• **AIM OF THE TASK**
Would you copy exactly the lines in the data below from the one that has "60%。医疗方面,社区卫生服务站距机构仅 50 米,可提供定期上门巡诊、优先诊疗等服务。" through the one that has "圖1.位于磁性電路間隙中的霍", dropping any pictures?

━━━━━ INFORMATION SHOWN

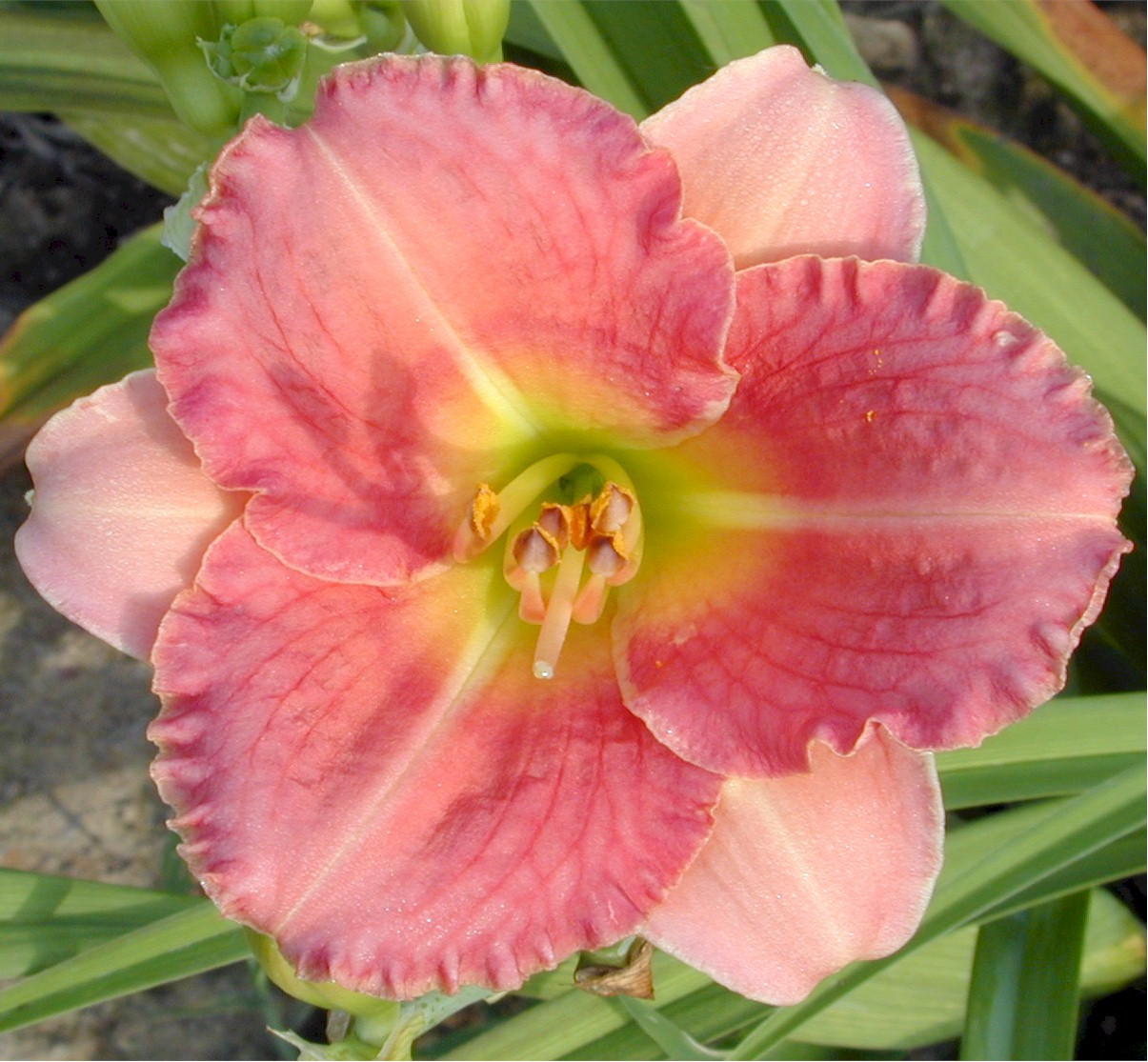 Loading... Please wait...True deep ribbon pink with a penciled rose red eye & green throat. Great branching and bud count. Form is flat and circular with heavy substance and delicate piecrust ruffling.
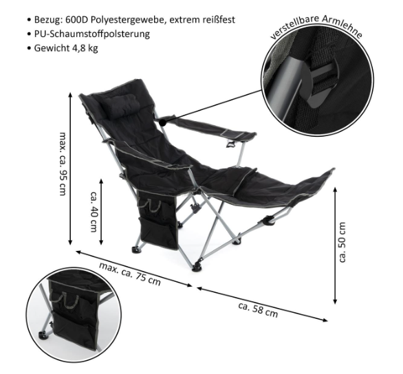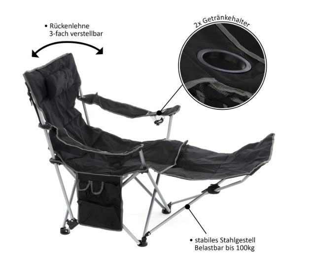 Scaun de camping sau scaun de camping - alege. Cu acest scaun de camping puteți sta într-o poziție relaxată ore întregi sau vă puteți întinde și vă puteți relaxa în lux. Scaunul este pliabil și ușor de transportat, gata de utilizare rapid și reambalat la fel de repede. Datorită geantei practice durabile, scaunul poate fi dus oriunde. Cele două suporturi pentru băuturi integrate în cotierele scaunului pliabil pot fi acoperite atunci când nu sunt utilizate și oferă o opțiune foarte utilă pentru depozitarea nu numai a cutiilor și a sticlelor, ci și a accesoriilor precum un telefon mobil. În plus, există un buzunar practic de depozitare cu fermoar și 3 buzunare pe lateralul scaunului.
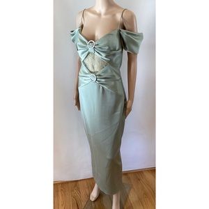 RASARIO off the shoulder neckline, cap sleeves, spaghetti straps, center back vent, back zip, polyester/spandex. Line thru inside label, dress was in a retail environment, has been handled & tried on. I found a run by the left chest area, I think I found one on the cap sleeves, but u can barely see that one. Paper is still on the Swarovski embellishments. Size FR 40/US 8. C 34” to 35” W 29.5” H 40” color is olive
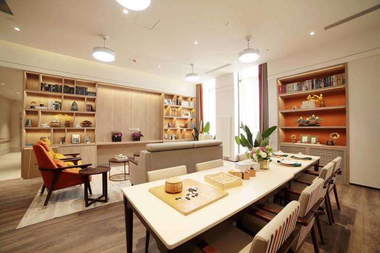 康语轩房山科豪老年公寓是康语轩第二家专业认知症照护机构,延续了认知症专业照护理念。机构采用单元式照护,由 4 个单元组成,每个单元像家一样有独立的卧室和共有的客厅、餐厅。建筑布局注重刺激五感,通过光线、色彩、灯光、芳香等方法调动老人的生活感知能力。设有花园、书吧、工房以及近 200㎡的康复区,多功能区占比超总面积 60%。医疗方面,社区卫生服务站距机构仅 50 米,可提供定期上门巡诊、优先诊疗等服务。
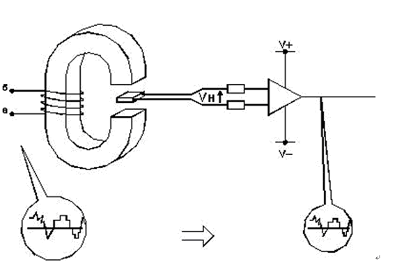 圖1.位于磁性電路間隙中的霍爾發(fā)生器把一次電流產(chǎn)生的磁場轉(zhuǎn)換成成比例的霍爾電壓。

━━━━━━━━━━
━━━━━ INFORMATION SHOWN

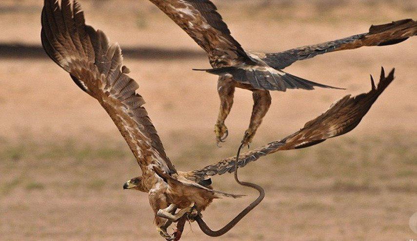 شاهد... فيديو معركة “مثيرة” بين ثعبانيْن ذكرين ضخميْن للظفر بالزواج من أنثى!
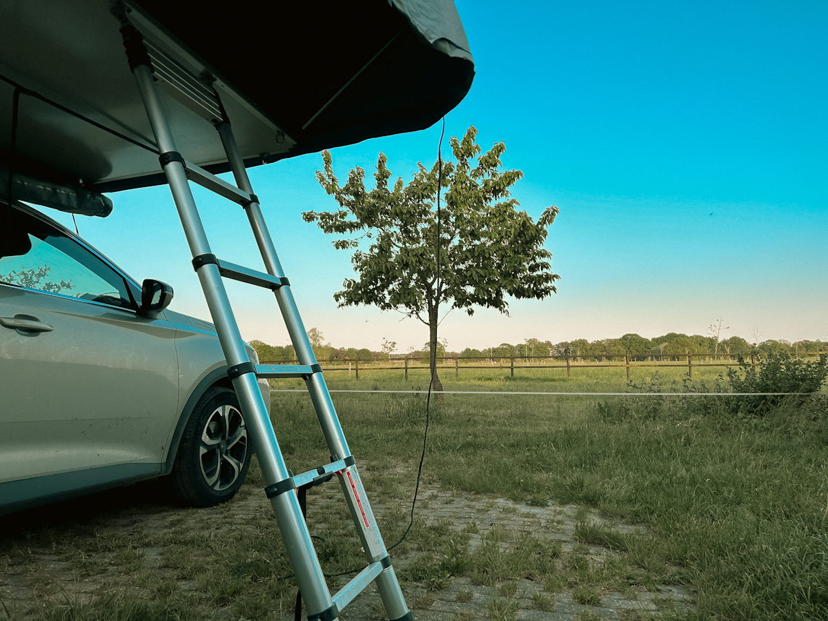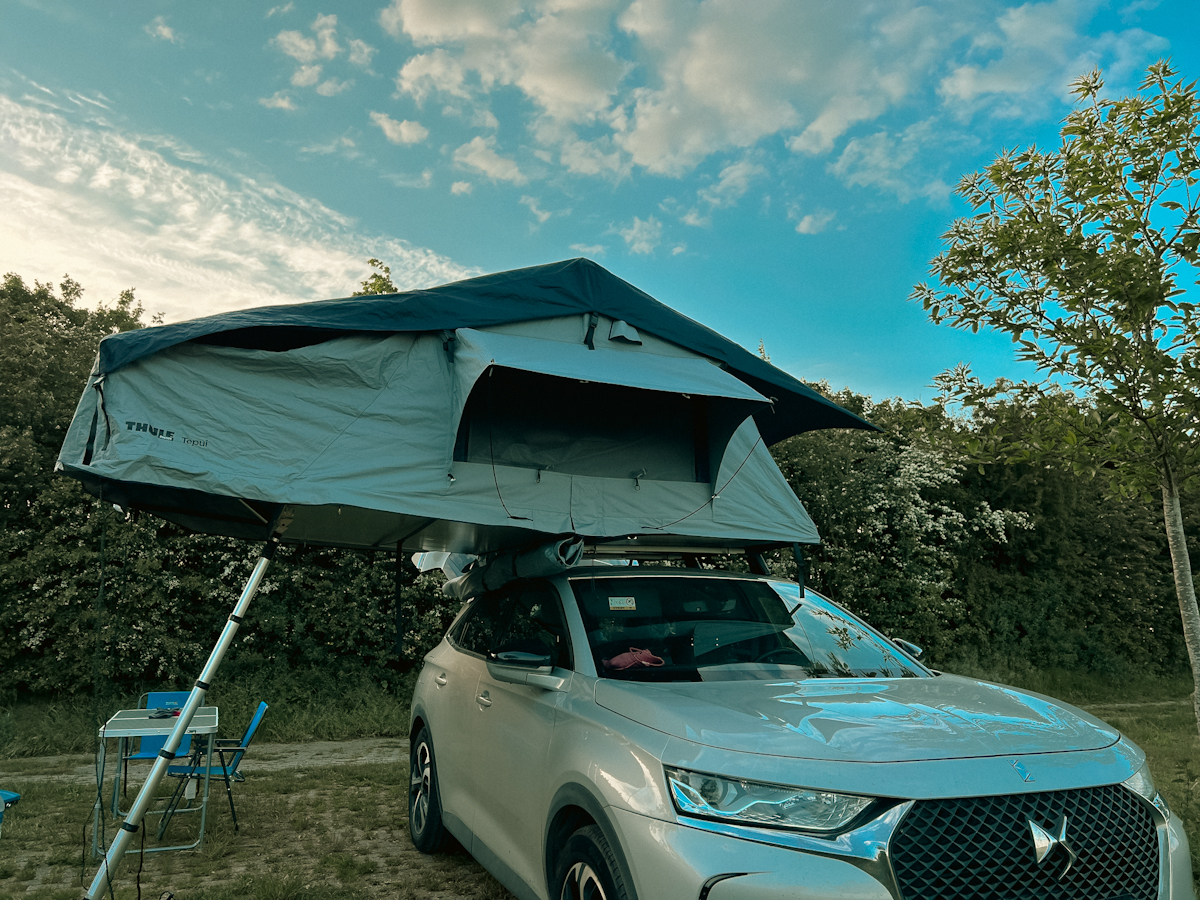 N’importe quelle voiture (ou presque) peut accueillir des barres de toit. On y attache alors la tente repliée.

━━━━━━━━━━

• **RESULT**
 康语轩房山科豪老年公寓是康语轩第二家专业认知症照护机构,延续了认知症专业照护理念。机构采用单元式照护,由 4 个单元组成,每个单元像家一样有独立的卧室和共有的客厅、餐厅。建筑布局注重刺激五感,通过光线、色彩、灯光、芳香等方法调动老人的生活感知能力。设有花园、书吧、工房以及近 200㎡的康复区,多功能区占比超总面积 60%。医疗方面,社区卫生服务站距机构仅 50 米,可提供定期上门巡诊、优先诊疗等服务。
 圖1.位于磁性電路間隙中的霍爾發(fā)生器把一次電流產(chǎn)生的磁場轉(zhuǎn)換成成比例的霍爾電壓。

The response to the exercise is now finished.